**Your goal**
Set down the records exactly as they stand, except for any pictures, which you should omit.

Stored data entries

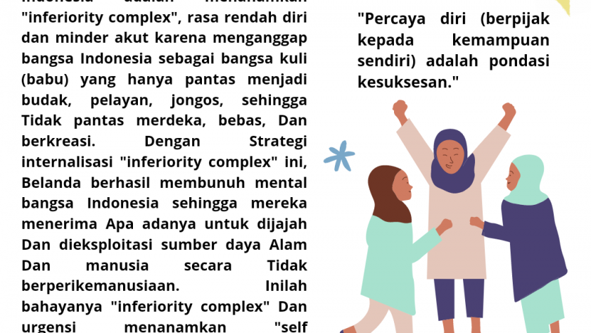 Menurut KH As’ad Said Ali, salah satu cara Belanda menjajah bangsa Indonesia adalah menanamkan “inferiority complex”, rasa rendah diri dan minder akut karena menganggap bangsa Indonesia sebagai bangsa kuli (babu) yang hanya pantas menjadi budak, pelayan, jongos, sehingga Tidak pantas merdeka, bebas, Dan berkreasi. Dengan Strategi internalisasi “inferiority complex” ini, Belanda berhasil membunuh mental bangsa Indonesia sehingga mereka menerima Apa adanya untuk dijajah Dan dieksploitasi sumber daya Alam Dan manusia secara Tidak berperikemanusiaan. Inilah bahayanya “inferiority complex” Dan urgensi menanamkan “self confidence” kepada bangsa Indonesia agar berani menegakkan kepala Dan harga diri dengan Prestasi.
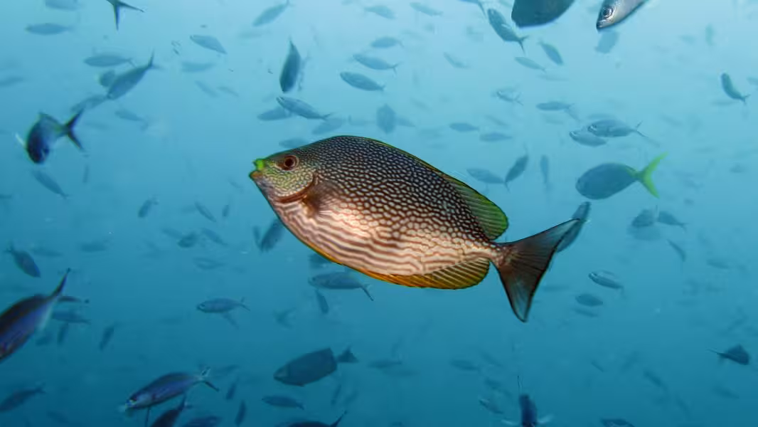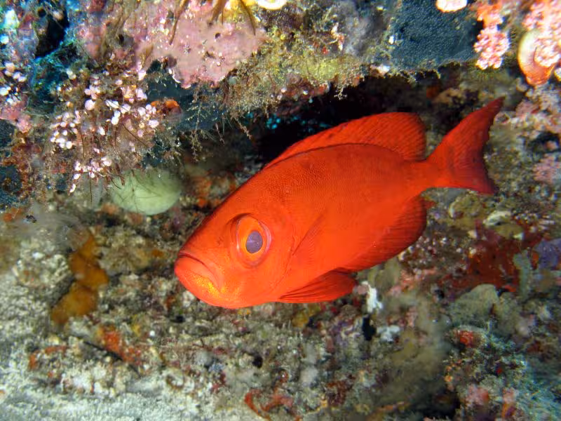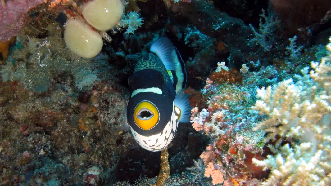 Video: Krötenfisch nachts an "Roland's Woho" [00:42 Min.]Den Anfang vom Jahresende macht Cape Kri, einem der berühmt-berüchtigsten Plätze im nördlichen Raja Ampat. Die Strömung ist hier oft unberechenbar und macht, was sie will. Heute ist sie handzahm und erlaubt uns einen leichten Drift-Tauchgang an der Wand entlang, die voll mit Fisch ist. Wo man auch hinguckt, bewegt sich was, im Blauwasser stehen Schwärme von Stachelmakrelen und Füsilieren, am Riff hängen Kleingruppen von Süßlippen ab. Mit nachlassender Strömung lässt auch etwas das Leben nach, aber gegen Ende des einstündigen Unterwasser-Aufenthalts fliegt noch ein Mobula vorbei, der leider etwas scheu auf Distanz bleibt. Früh am Morgen war das schon mal ein guter Start in den Silvesterabend.
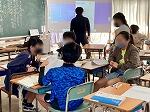 5年1組は円と正多角形の関係を学習していて、円の中に正六角形を描く方法について図形の特徴をもとに考えていました。2組は家庭科で「ゆでる調理をしよう」ということで、ゆでる料理の良さしたいや調理に使う器具等について確認していました。
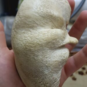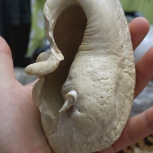 This exceptional 13.3 cm whales eardrum, often referred to as a “whale’s ear bone” or tympanic bulla, represents a rare and fascinating piece of marine mammal anatomy. Found in excellent condition, this specimen showcases the dense, intricate structure that once played a vital role in the whale’s unique underwater hearing system.
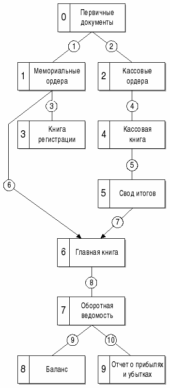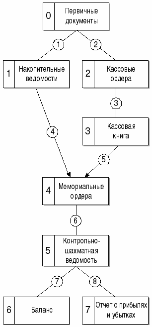 Но Чербони не дожил до этих времен. И, может быть, есть некий скрытый смысл в том, что он умер не когда-нибудь, а в столь памятный для нас, россиян, день — 7 ноября 1917 года. Не пережил! Дата публикации: 22.06.2004 Мы продолжаем публикации очерков об исторически сложившихся формах счетоводства. На этот раз постоянный автор рубрики Я. В. Соколов, д. э. н., профессор, член Методологического совета по бухгалтерскому учету при Минфине России, рассказывает о чисто русской, несмотря на западное происхождение многих ее элементов, форме счетоводства — мемориально-ордерной. Основная идея мемориально-ордерной формы счетоводства сводится к тому, что на каждый первичный документ составляется мемориальный ордер, содержащий проводки (контировки), то есть это как бы разрезанный на части журнал регистрации операций новой итальянской формы счетоводства. Второй особенностью мемориально-ордерной формы надо признать то, что все операции, имеющие отношение к Кассовой книге, оформлялись не мемориальными, а кассовыми ордерами, то есть повторялось противопоставление, принятое в немецкой форме счетоводства. Поскольку мемориальные ордера представляли собой отдельные листы, а их за отчетный период накапливалось множество, то вводилась книга регистрации ордеров (иногда называлась ордерная книга). Ее цель сводилась не к накапливанию оборотов, а к контролю полноты выписываемых документов. В ней писали дату и номер ордера (иногда повторяли проводки и обороты по ним). Основная цель этой книги сводилась к тому, чтобы бухгалтер не потерял, не пропустил какой-то ордер. Кассовые ордера не регистрировались в этой книге, так как они отражались в специальной Кассовой книге. Далее предполагалась разноска операций в Главную книгу. Ее вели по-разному. Изначально самым распространенным вариантом был «самолетик» итальянской формы, то есть на каждый разворот Главной книги открывался отдельный счет: на левой странице фиксировались дебетовые обороты, на правой — кредитовые. При этом предполагалась запись данных из всех мемориальных ордеров, но кассовые ордера в этом случае во внимание не принимались, так как по ним делалось специальное обобщение данных Кассовой книги, и уже общей проводкой в разрезе корреспондирующих счетов итоги переносились в Главную книгу. Таким образом, в этой книге формировались записи по каждому мемориальному ордеру и сразу же обобщенные итоги Кассовой книги. По окончании отчетного периода составлялась оборотная ведомость, данные которой позволяли заполнить баланс и отчет о прибылях и убытках. Однако с самого возникновения формы была сделана попытка заполнять Главную книгу в виде шахматной оборотной ведомости, от чего мемориальную форму счетоводства иногда называли контрольно-шахматной. Все сказанное можно представить в виде следующей схемы (см. схему 1). Из схемы 1 видно, что данные первичных документов (блок 0) фиксируются бухгалтером (записи 1 и 2) в мемориальных (блок 1) и кассовых (блок 2) ордерах. В целях контроля сохранности мемориальных ордеров они регистрируются (запись 3) в специальной книге (блок 3). Данные кассовых ордеров фиксируются (запись 4) в Кассовой книге (блок 4). За отчетный период итоги Кассовой книги обобщаются (запись 5) в специальном своде (блок 5). Далее данные каждого мемориального ордера (запись 6) и «итого» Кассовой книги (запис
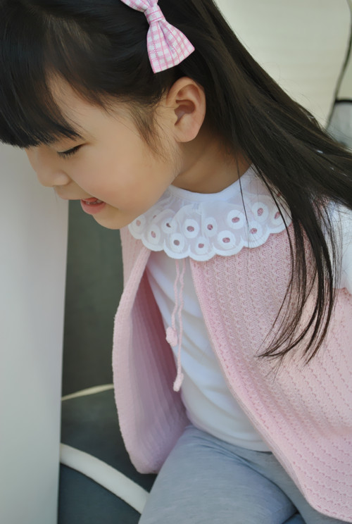 粉色的小开衫,两个肩膀都有蝴蝶结,粉粉的可爱
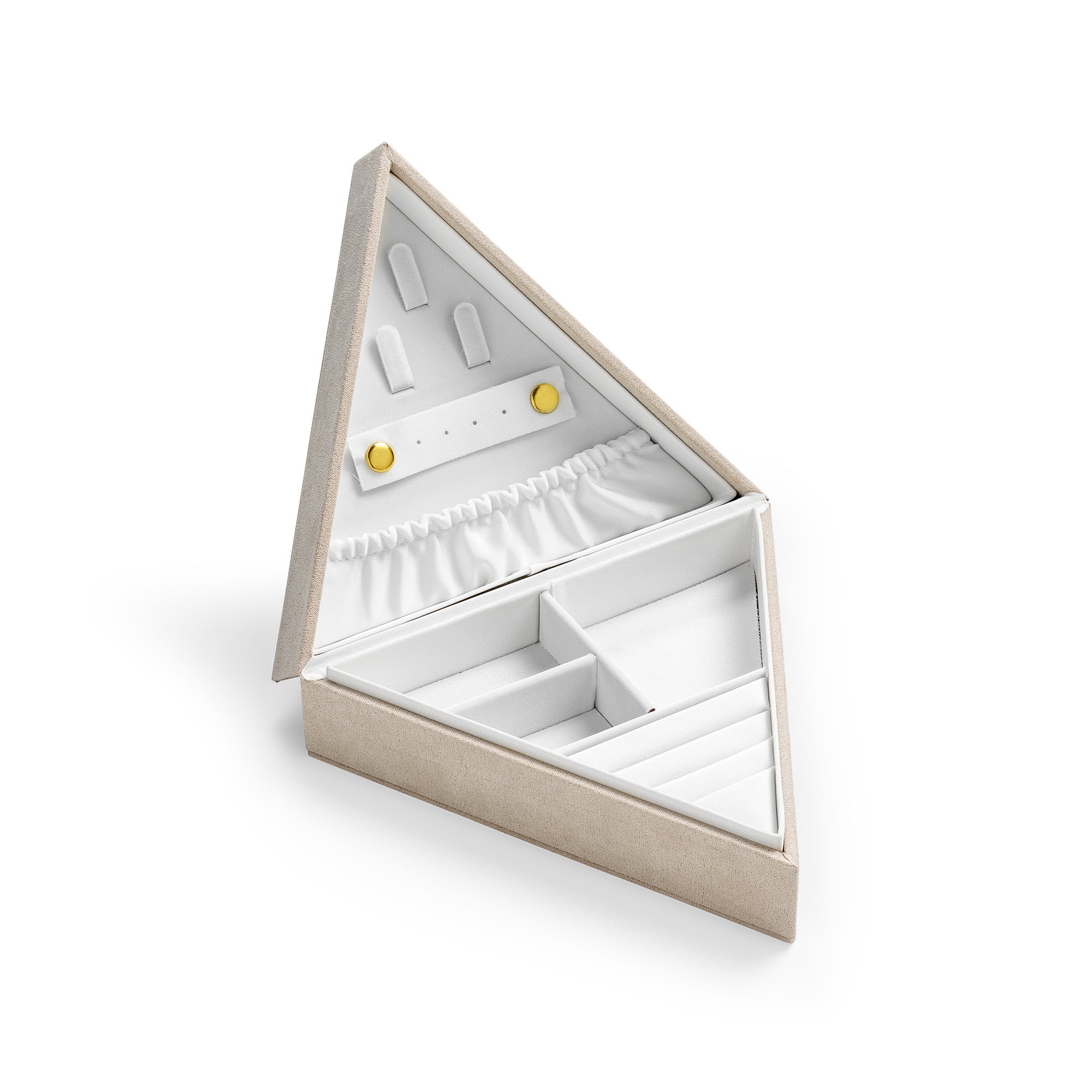 The box is wrapped in soft warm-gray velvet and lined with pearl-white satin smooth as silk. Its triangular shape reflects the Holy Trinity — the divine unity that holds our lives in His strong and gracious hand.

**Response to this task**
 Menurut KH As’ad Said Ali, salah satu cara Belanda menjajah bangsa Indonesia adalah menanamkan “inferiority complex”, rasa rendah diri dan minder akut karena menganggap bangsa Indonesia sebagai bangsa kuli (babu) yang hanya pantas menjadi budak, pelayan, jongos, sehingga Tidak pantas merdeka, bebas, Dan berkreasi. Dengan Strategi internalisasi “inferiority complex” ini, Belanda berhasil membunuh mental bangsa Indonesia sehingga mereka menerima Apa adanya untuk dijajah Dan dieksploitasi sumber daya Alam Dan manusia secara Tidak berperikemanusiaan. Inilah bahayanya “inferiority complex” Dan urgensi menanamkan “self confidence” kepada bangsa Indonesia agar berani menegakkan kepala Dan harga diri dengan Prestasi.
 Video: Krötenfisch nachts an "Roland's Woho" [00:42 Min.]Den Anfang vom Jahresende macht Cape Kri, einem der berühmt-berüchtigsten Plätze im nördlichen Raja Ampat. Die Strömung ist hier oft unberechenbar und macht, was sie will. Heute ist sie handzahm und erlaubt uns einen leichten Drift-Tauchgang an der Wand entlang, die voll mit Fisch ist. Wo man auch hinguckt, bewegt sich was, im Blauwasser stehen Schwärme von Stachelmakrelen und Füsilieren, am Riff hängen Kleingruppen von Süßlippen ab. Mit nachlassender Strömung lässt auch etwas das Leben nach, aber gegen Ende des einstündigen Unterwasser-Aufenthalts fliegt noch ein Mobula vorbei, der leider etwas scheu auf Distanz bleibt. Früh am Morgen war das schon mal ein guter Start in den Silvesterabend.
 5年1組は円と正多角形の関係を学習していて、円の中に正六角形を描く方法について図形の特徴をもとに考えていました。2組は家庭科で「ゆでる調理をしよう」ということで、ゆでる料理の良さしたいや調理に使う器具等について確認していました。
 This exceptional 13.3 cm whales eardrum, often referred to as a “whale’s ear bone” or tympanic bulla, represents a rare and fascinating piece of marine mammal anatomy. Found in excellent condition, this specimen showcases the dense, intricate structure that once played a vital role in the whale’s unique underwater hearing system.
 Но Чербони не дожил до этих времен. И, может быть, есть некий скрытый смысл в том, что он умер не когда-нибудь, а в столь памятный для нас, россиян, день — 7 ноября 1917 года. Не пережил! Дата публикации: 22.06.2004 Мы продолжаем публикации очерков об исторически сложившихся формах счетоводства. На этот раз постоянный автор рубрики Я. В. Соколов, д. э. н., профессор, член Методологического совета по бухгалтерскому учету при Минфине России, рассказывает о чисто русской, несмотря на западное происхождение многих ее элементов, форме счетоводства — мемориально-ордерной. Основная идея мемориально-ордерной формы счетоводства сводится к тому, что на каждый первичный документ составляется мемориальный ордер, содержащий проводки (контировки), то есть это как бы разрезанный на части журнал регистрации операций новой итальянской формы счетоводства. Второй особенностью мемориально-ордерной формы надо признать то, что все операции, имеющие отношение к Кассовой книге, оформлялись не мемориальными, а кассовыми ордерами, то есть повторялось противопоставление, принятое в немецкой форме счетоводства. Поскольку мемориальные ордера представляли собой отдельные листы, а их за отчетный период накапливалось множество, то вводилась книга регистрации ордеров (иногда называлась ордерная книга). Ее цель сводилась не к накапливанию оборотов, а к контролю полноты выписываемых документов. В ней писали дату и номер ордера (иногда повторяли проводки и обороты по ним). Основная цель этой книги сводилась к тому, чтобы бухгалтер не потерял, не пропустил какой-то ордер. Кассовые ордера не регистрировались в этой книге, так как они отражались в специальной Кассовой книге. Далее предполагалась разноска операций в Главную книгу. Ее вели по-разному. Изначально самым распространенным вариантом был «самолетик» итальянской формы, то есть на каждый разворот Главной книги открывался отдельный счет: на левой странице фиксировались дебетовые обороты, на правой — кредитовые. При этом предполагалась запись данных из всех мемориальных ордеров, но кассовые ордера в этом случае во внимание не принимались, так как по ним делалось специальное обобщение данных Кассовой книги, и уже общей проводкой в разрезе корреспондирующих счетов итоги переносились в Главную книгу. Таким образом, в этой книге формировались записи по каждому мемориальному ордеру и сразу же обобщенные итоги Кассовой книги. По окончании отчетного периода составлялась оборотная ведомость, данные которой позволяли заполнить баланс и отчет о прибылях и убытках. Однако с самого возникновения формы была сделана попытка заполнять Главную книгу в виде шахматной оборотной ведомости, от чего мемориальную форму счетоводства иногда называли контрольно-шахматной. Все сказанное можно представить в виде следующей схемы (см. схему 1). Из схемы 1 видно, что данные первичных документов (блок 0) фиксируются бухгалтером (записи 1 и 2) в мемориальных (блок 1) и кассовых (блок 2) ордерах. В целях контроля сохранности мемориальных ордеров они регистрируются (запись 3) в специальной книге (блок 3). Данные кассовых ордеров фиксируются (запись 4) в Кассовой книге (блок 4). За отчетный период итоги Кассовой книги обобщаются (запись 5) в специальном своде (блок 5). Далее данные каждого мемориального ордера (запись 6) и «итого» Кассовой книги (запис
 粉色的小开衫,两个肩膀都有蝴蝶结,粉粉的可爱
 The box is wrapped in soft warm-gray velvet and lined with pearl-white satin smooth as silk. Its triangular shape reflects the Holy Trinity — the divine unity that holds our lives in His strong and gracious hand.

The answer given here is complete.